Financial firepower means US firms are “set to topple” magic circle

Transatlantic struggle: US firms to dominate

The magic circle law firms are being attacked from all angles and pressure from US practices in particular means they may have to reinvent and reposition themselves, a corporate adviser has warned.

As well as struggling in the face of the financial might of US firms, Arden said the Big Four accountants and alternative legal services providers were attacking the magic circle’s “soft underbelly”.

It predicted: “Magic circle firms may need to re-invent themselves and reposition towards a mid-market position, which is all the more important given the increased success of the silver circle firms in their target markets.”

Arden is a corporate adviser with particular expertise in the legal market – having acted on law firm IPOs – that is now part of the Ince Group, along with listed law firm Ince.

A thought leadership note entitled A requiem for the magic circle? observed that Latham & Watkins had become the first US firm to top The Lawyer magazine’s UK Corporate 50 – ranking the largest corporate practices by revenue – having dislodged Linklaters.

“The growth of US firms has been the dominant trait of the London legal market for the last five years. The extent to which the market has shifted is evident not only by the rise of the likes of Latham and Kirkland & Ellis (which also more than doubled corporate revenues, pushing Linklaters to third place in the rankings), but by the fact that US firms now outnumber their UK counterparts in the Corporate 50.

“There has been a root and branch reordering of London’s corporate landscape and the American threat to the historic dominance of domestic City players – the magic circle – is very real.”

Arden said it has taken US law firms the better part of two decades to reach critical mass, but “from here, the competitive challenge is likely to snowball”.

The total revenue of the 50 largest US firms’ London offices jumped from $4.6bn in 2016 to $7.9bn in 2021, driven by their corporate practices.
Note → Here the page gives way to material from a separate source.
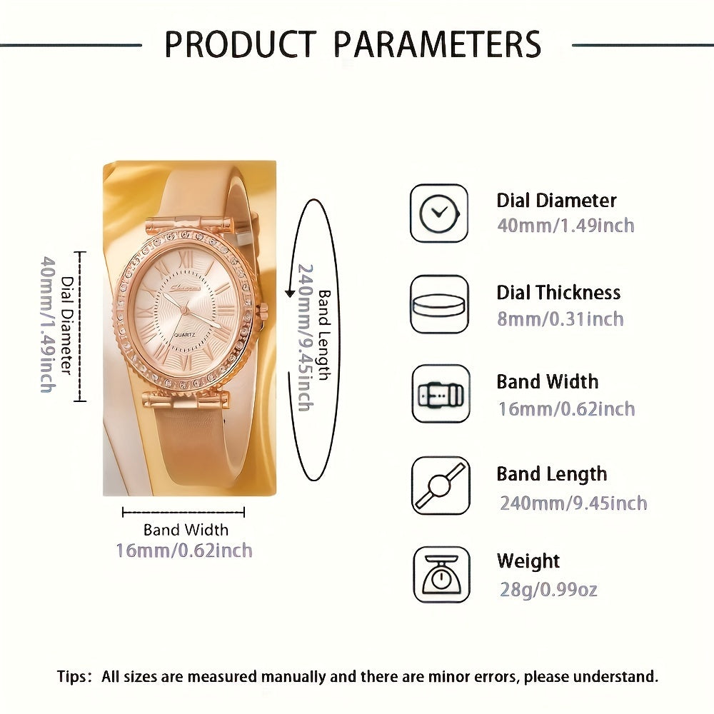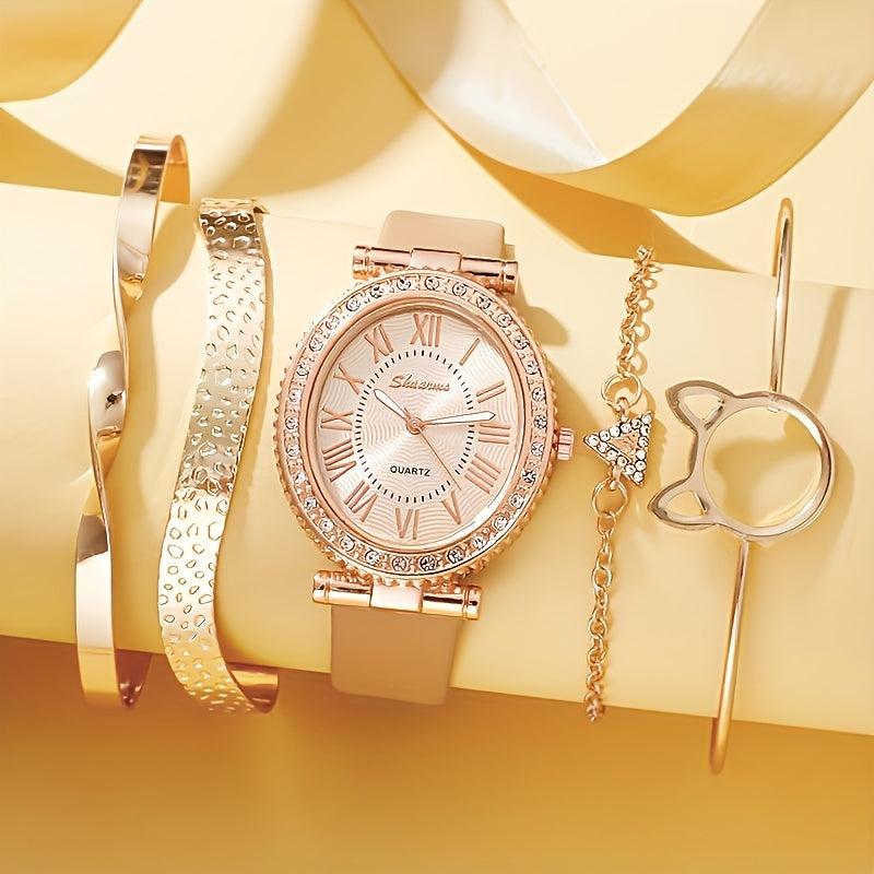 Роскошный набор из 5 женских часов с кварцевым механизмом и стразами. Элегантный овальный корпус с ремешком из PU-кожи. Идеальный подарок для мамы или для нее. Модные часы с классическим дизайном.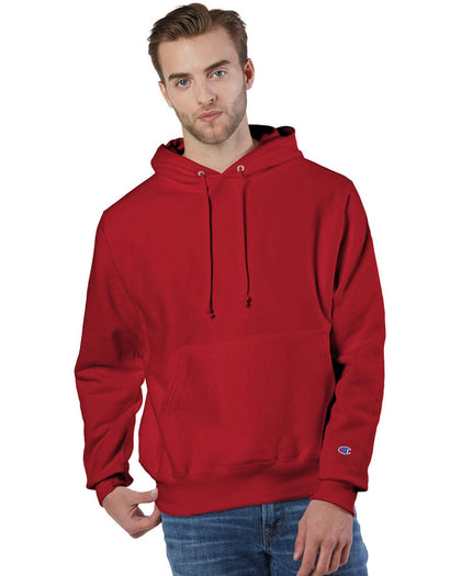 Description: Champion Reverse Weave Hooded Sweatshirt. Extra-heavyweight 12oz low shrink fabric. 82% cotton, 18% polyester (Silver Grey is 81% cotton, 17% polyester, 2% Black Rayon). Drawcord hood with metal grommets, muff pocket, full athletic cut, side gussets, 3 3/4" ribbed cuffs and waistband. Champion "C" logo above left cuff. Colors: Black, Dark Green, Oxford Grey, Scarlet, Silver Grey, Sport Dark Navy, Sport Maroon and Sport Royal. Sizes: S-3XL

While different firms had different ambitions for their practices, the “common thread” was how aggressively they have pursued growth, backed by their huge domestic market, an advantage it was “hard to overstate”, the note said.

Though Clifford Chance’s average profit per equity partner (PEP) hit the £2m mark for the first time this year, rising by 10%, as did Freshfields, increasing by 8%, this did not mean the magic circle was “in rude health”.

Arden said: “The strength of the market has lifted profits across the board. However, these PEP figures are actually a little underwhelming when compared with the top two layers of US firms. Latham’s PEP, for example, increased by 26% to $5.7m last year, which was on the back of a 20% increase in the prior year.”

Arden argued that the “fundamental issue” for the magic circle was that “there is only a limited number of firms that can reliably colonise a space in advisory work for transatlantic mega-corporations”.

In the last couple of years, the leading five UK firms have started falling out of the list of global top 20 M&A deals by value.

“Since the financial crisis it’s been increasingly difficult to sustain a top-tier practice in London without having a credible US presence. However, while US firms have been achieving significant gains in the UK, the reverse simply isn’t true to any extent in the US.”

But the single biggest issue was US firms’ ability to pay more for talent – around two-thirds of lateral hires made in Kirkland’s City office since 2015 have been poached from the magic circle.

“Momentum begets momentum, with higher revenue growth by US law firms in turn driving higher profitability, making it harder and harder for the magic circle to compete.”

Latham & Watkins saw a 40% increase in global revenues in the last two years, compared to 10% at the likes of Clifford Chance and Linklaters.

The magic circle has tried to compete with the huge pay rises for associates “but are being increasingly priced out of the market”. They could compete as wage inflation would go through the whole firm.

“The reality is that they have only maintained their high margins by cutting product areas and cutting some of their senior partners (which has in turn weighed on revenue growth), but once you have done that trick once, you can’t repeat it.”

And if you could not hire “elite people” for an elite model, “then it simply doesn’t work – ultimately you can always tell (and sell) top quality”.

The magic circle was being attacked from all angles, with the Big Four capturing “a significant share” of market in the last decade and increasingly competing with traditional firms.

“Big Four accounting firms are well placed to accelerate their share of procedural legal work for large corporates i.e., due diligence and employment. Deloitte, EY, KPMG, and PwC have used their brand recognition, global reach, technological capabilities, and huge existing client bases to rival mid-market and even top tier firms, and are now looking to seize an even larger share of the legal market.

“This is also highlighted by the rising importance of ALSPs as competitors to traditional firms, underlining the sense that real change is finally here. With the Big Four and ALSPs attacking the soft underbelly, the magic circle are being forced to focus more on the high end but are being increasingly outcompeted by the Americans.”